#### Task requirements
Take the line that holds "Золото ценится за" and every line after it to the end of the entries, and repeat them exactly without the pictures.

Stored entries:

*** Block opens ***

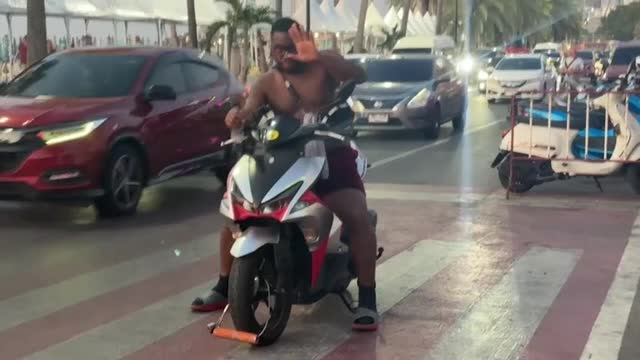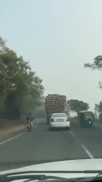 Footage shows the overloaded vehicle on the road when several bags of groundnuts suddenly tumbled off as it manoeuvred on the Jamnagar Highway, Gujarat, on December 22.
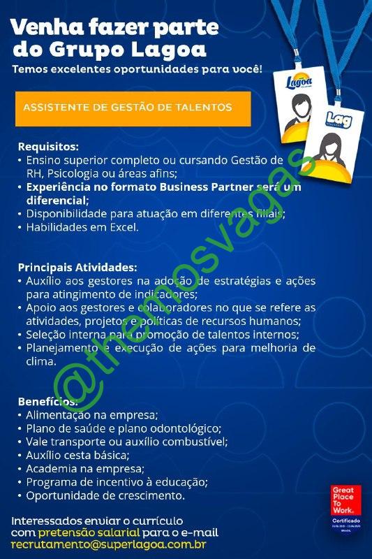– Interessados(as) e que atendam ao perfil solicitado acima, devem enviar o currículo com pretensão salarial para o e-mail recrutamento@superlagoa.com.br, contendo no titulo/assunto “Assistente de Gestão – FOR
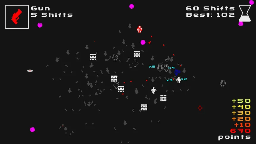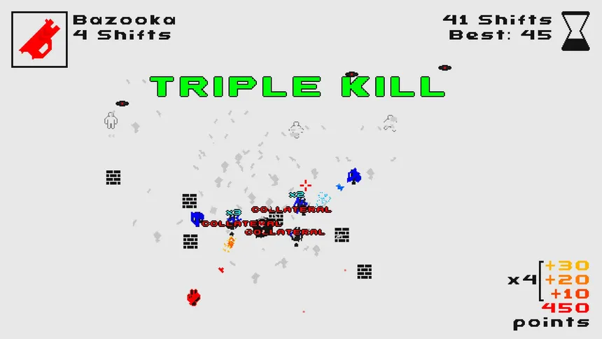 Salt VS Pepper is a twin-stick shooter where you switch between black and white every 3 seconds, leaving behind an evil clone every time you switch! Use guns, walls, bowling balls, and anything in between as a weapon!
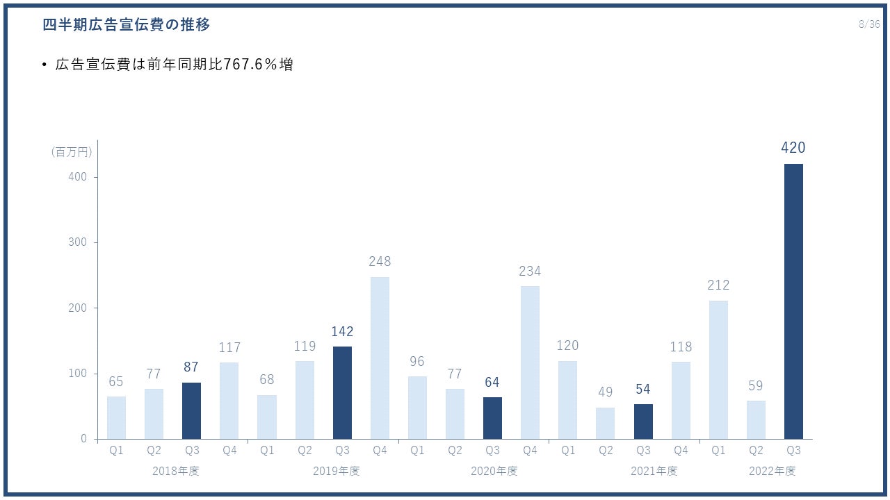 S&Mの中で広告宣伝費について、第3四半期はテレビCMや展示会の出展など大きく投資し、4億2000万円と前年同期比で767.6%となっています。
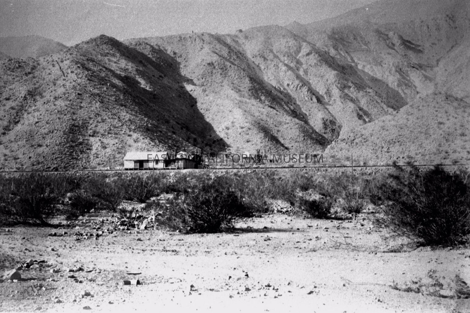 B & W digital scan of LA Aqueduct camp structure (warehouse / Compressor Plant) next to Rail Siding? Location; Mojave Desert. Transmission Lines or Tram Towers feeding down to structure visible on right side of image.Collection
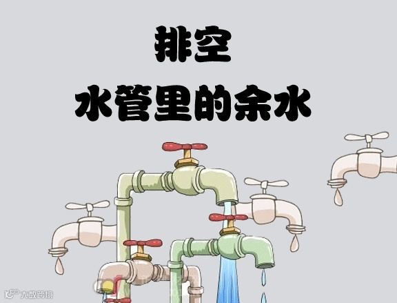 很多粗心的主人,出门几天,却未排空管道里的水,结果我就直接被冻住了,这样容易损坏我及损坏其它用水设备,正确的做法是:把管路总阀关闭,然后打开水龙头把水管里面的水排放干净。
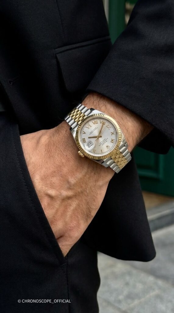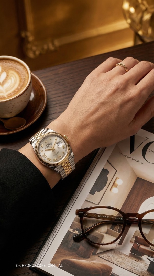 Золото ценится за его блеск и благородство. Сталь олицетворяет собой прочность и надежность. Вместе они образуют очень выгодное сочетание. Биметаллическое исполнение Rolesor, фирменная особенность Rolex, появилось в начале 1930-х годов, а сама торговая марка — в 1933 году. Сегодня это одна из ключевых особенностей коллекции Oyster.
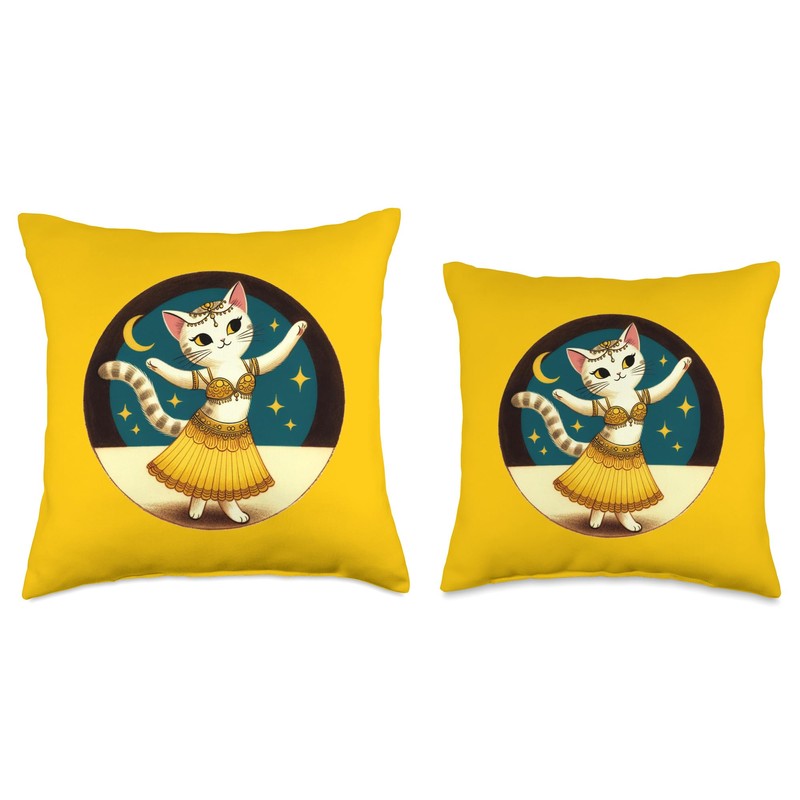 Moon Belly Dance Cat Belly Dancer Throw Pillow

*** Block closes ***

#### Written solution
 Золото ценится за его блеск и благородство. Сталь олицетворяет собой прочность и надежность. Вместе они образуют очень выгодное сочетание. Биметаллическое исполнение Rolesor, фирменная особенность Rolex, появилось в начале 1930-х годов, а сама торговая марка — в 1933 году. Сегодня это одна из ключевых особенностей коллекции Oyster.
 Moon Belly Dance Cat Belly Dancer Throw Pillow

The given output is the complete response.